When I was first recovering from Doug’s emotional affair, I would search the internet and read books that offered good advice. Often the advice was to do this, or not to do that.
I wanted to follow the suggestions but it was difficult because I really didn’t understand the purpose of it. I was uncomfortable following the suggestions because they went against my natural instincts.
For example, one recommendation that was difficult to follow was not to take anything the cheating spouse says personally, and at the same time, not to believe everything the cheater says.
This was hard because the cheater can become a master liar, and since most of us have always trusted what our spouse’s have told us in the past, it is natural to believe what they say now.
I touched on this a bit in a post last week, but wanted to expand on the subject a bit more today. I want to discuss what happens during the affair process (based on our own experience) so as to validate that you shouldn’t take everything the cheater says personally.
The Cheating Spouse Story
Often before an affair begins both spouses are experiencing pain because they believe that they are unloved and uncared for. They are beginning to feel hopeless because they don’t want to stay in this pain forever, but they don’t see a way out of it except to leave their marriage, which is something they don’t want to do for various reasons.
Miraculously they meet someone who is also experiencing the same pain and problems that they are. They have found someone who can validate their pain, who understands what they are experiencing and can make them feel that they are not at fault. In their minds they have found their savior.
Here is where their “story’ begins. During all the discussions that the affair couple has about their unhappy marriages, they begin to develop a “story.” This story alleviates the guilt and justifies their actions.
They magnify the negative aspects of both their marriages and their spouse while magnifying the positive attributes of the lover and the affair relationship. In essence they rewrite history.
Things that really weren’t a big problem in their marriage now get blown out of proportion and become major issues. The cheating spouses also believe that they have all told their spouses about these issues, and of course the spouse didn’t care enough do anything to make them better.
By the time their affair is exposed they have rehearsed this “story” in their heads and with each other hundreds of times and it has become ingrained in their brains.
The betrayed spouse has become suspicious that something is not right so they confront the cheating spouse about their suspicions. In many cases the cheater will deny that anything is going on, but yet they will use this opportunity to tell their “story.”
They begin to articulate with such confidence and persuasion all of the things that they have been unhappy about during their entire marriage. All of this unhappiness is centered on the betrayed spouse and the marriage.
The betrayed spouse is blindsided by all of this because the cheating spouse has never brought these issues up before with so much conviction and detail.

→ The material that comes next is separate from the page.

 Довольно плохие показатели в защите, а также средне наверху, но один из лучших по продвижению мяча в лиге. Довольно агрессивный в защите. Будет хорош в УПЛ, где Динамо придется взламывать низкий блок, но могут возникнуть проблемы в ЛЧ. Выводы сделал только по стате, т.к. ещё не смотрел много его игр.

In our case I heard the words “I love you, but I am not in love with you.” “We have grown apart.” “We are coexisting, and living as roommates.” “We have nothing in common and don’t spend any time together anymore.” “I was always the low man on the totem pole.” I was in complete shock because Doug was not very good at expressing his feelings to me, so for him to express it so earnestly made me truly believe his story.

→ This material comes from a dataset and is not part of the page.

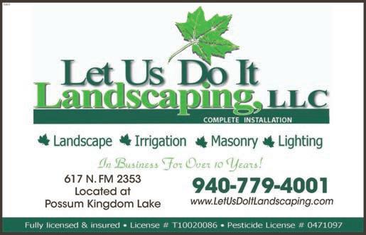 420 N. Main St. • Jacksboro, TX 76458 940-567-8950 6:30am–3pm Sun–Thurs • 6:30am–9pm Fri & Sat Lunch Buffet: 11 a.m. to 2 p.m. Daily Breakfast Served: 6:30 to 10:30 a.m. Daily Hop on down to The Green Frog! 25158 25191 Expert Masons. Full Supply Yard. Equipment Services. WHAT CAN WE BUILD FOR YOU? CUSTOM STONE WORK & ROCKYARD 300 N FM 2353, GRAFORD, TX // 940-779-3700 // customstoneworkpk.com PROUDLY SERVING OUR COMMUNITY FOR OVER 25 YEARS 25061 LAKE COUNTRY VACATION GUIDE • 31 • 2023-2024

I am not saying that a portion of his story was not true. I had some of the same feelings, but it was the way he presented them to me. It was so one sided and magnified.
When he finished his story I wondered if he was ever happy in our marriage. Why did we have children? Why did we even get married in the first place?

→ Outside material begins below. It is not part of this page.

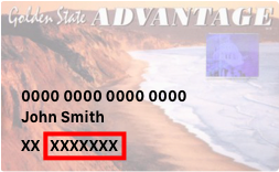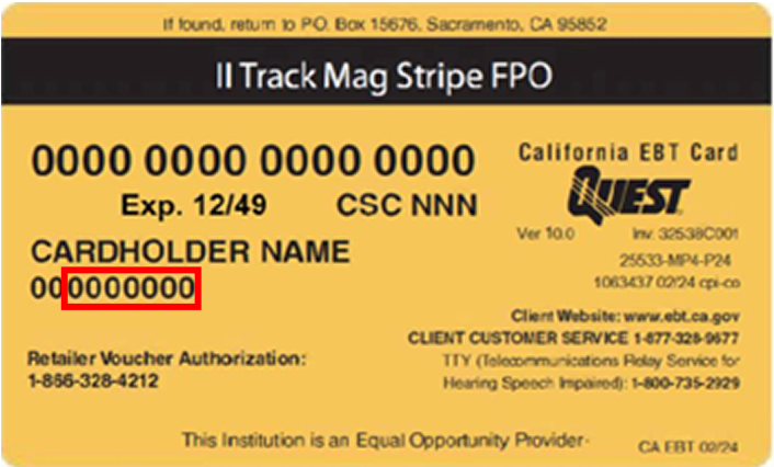 Front of EBT card showing 2 characters and then a red box around the next 7 characters under a name.

Our problems were created together – one issue causing another until it snowballed out of control. To look at it from the perspective of what he had told me was completely inaccurate and unfair.
Listen to What the Cheater is Saying
After thinking about the previous example, I hope that you can understand why you shouldn’t take everything personally. However, you should listen to what the cheater is saying. Really listen. This may be an opportunity to validate their feelings and express how you feel in return.
I don’t mean by defending yourself or trying to tell your spouse what they did wrong, but to communicate that you feel the same way. For instance you could say: “It upsets me that we have become like roommates. I miss spending time doing the things we used to do. What can we do to make it better?”
When they say they love you but are not in love with you, tell them you understand how they may feel this way, and you might ask them: “What do you need to make you feel loved? Just what is love to you?” Use what they say as an opportunity to explore what is happening in your relationship.
This is your chance to do what the affair partner (AP) has done. The AP has made your spouse feel loved and cared for by listening to their feelings and telling them how he/she feels some of the same feelings.
Taking things personally after the affair can really stop any effort that is made to improve a marriage, but looking at their story objectively can help to pull the cheating spouse away from their story and towards a better relationship.